Print verbatim the lines from the beginning of the entries through the line containing "反观项目的位置,向北驾驶约9", both ends included. Pictures should be left out.

** Record extracts follows **

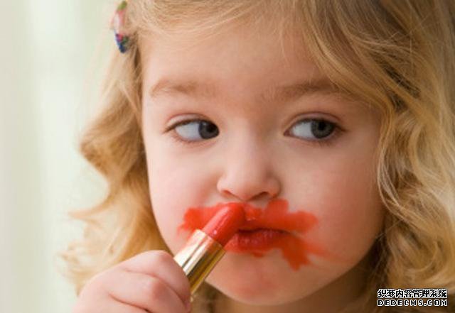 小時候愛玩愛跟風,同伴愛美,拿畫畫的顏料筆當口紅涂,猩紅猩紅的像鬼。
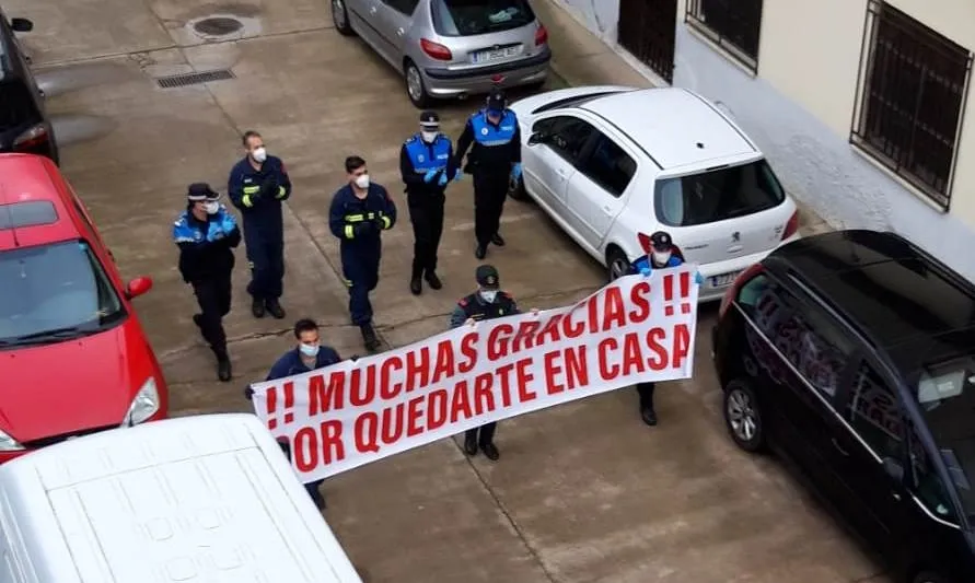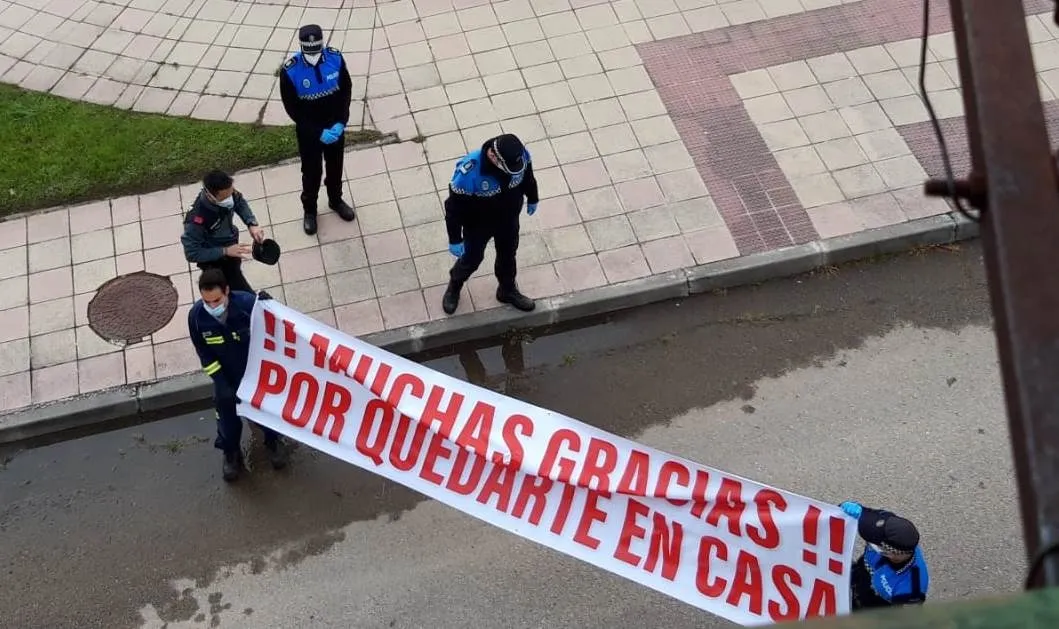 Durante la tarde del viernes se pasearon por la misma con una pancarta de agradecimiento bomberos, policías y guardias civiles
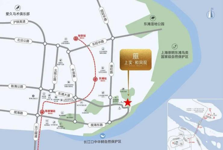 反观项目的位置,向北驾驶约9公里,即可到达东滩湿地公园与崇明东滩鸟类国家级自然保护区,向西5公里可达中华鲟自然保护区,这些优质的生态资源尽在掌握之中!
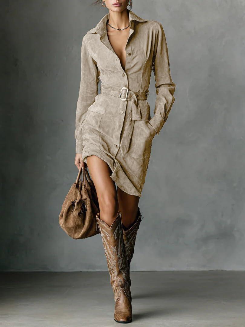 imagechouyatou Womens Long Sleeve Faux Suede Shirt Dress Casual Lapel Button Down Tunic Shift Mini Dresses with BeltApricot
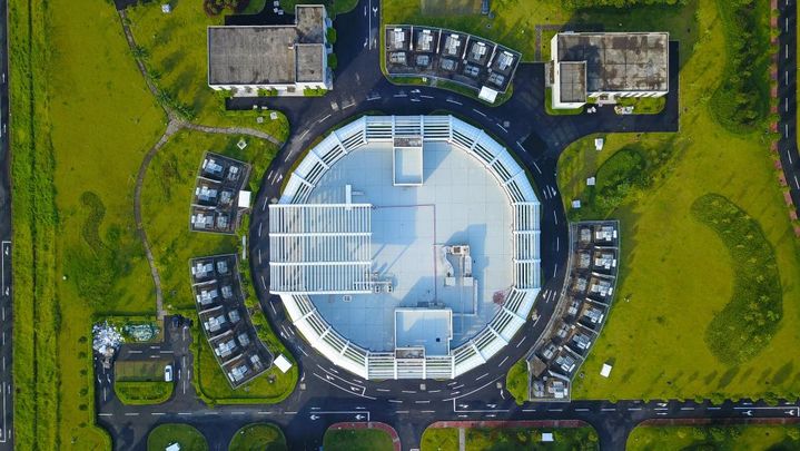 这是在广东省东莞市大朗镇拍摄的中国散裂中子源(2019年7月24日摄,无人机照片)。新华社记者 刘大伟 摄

** End of Record extracts **

Exercise solution
 小時候愛玩愛跟風,同伴愛美,拿畫畫的顏料筆當口紅涂,猩紅猩紅的像鬼。
 Durante la tarde del viernes se pasearon por la misma con una pancarta de agradecimiento bomberos, policías y guardias civiles
 反观项目的位置,向北驾驶约9公里,即可到达东滩湿地公园与崇明东滩鸟类国家级自然保护区,向西5公里可达中华鲟自然保护区,这些优质的生态资源尽在掌握之中!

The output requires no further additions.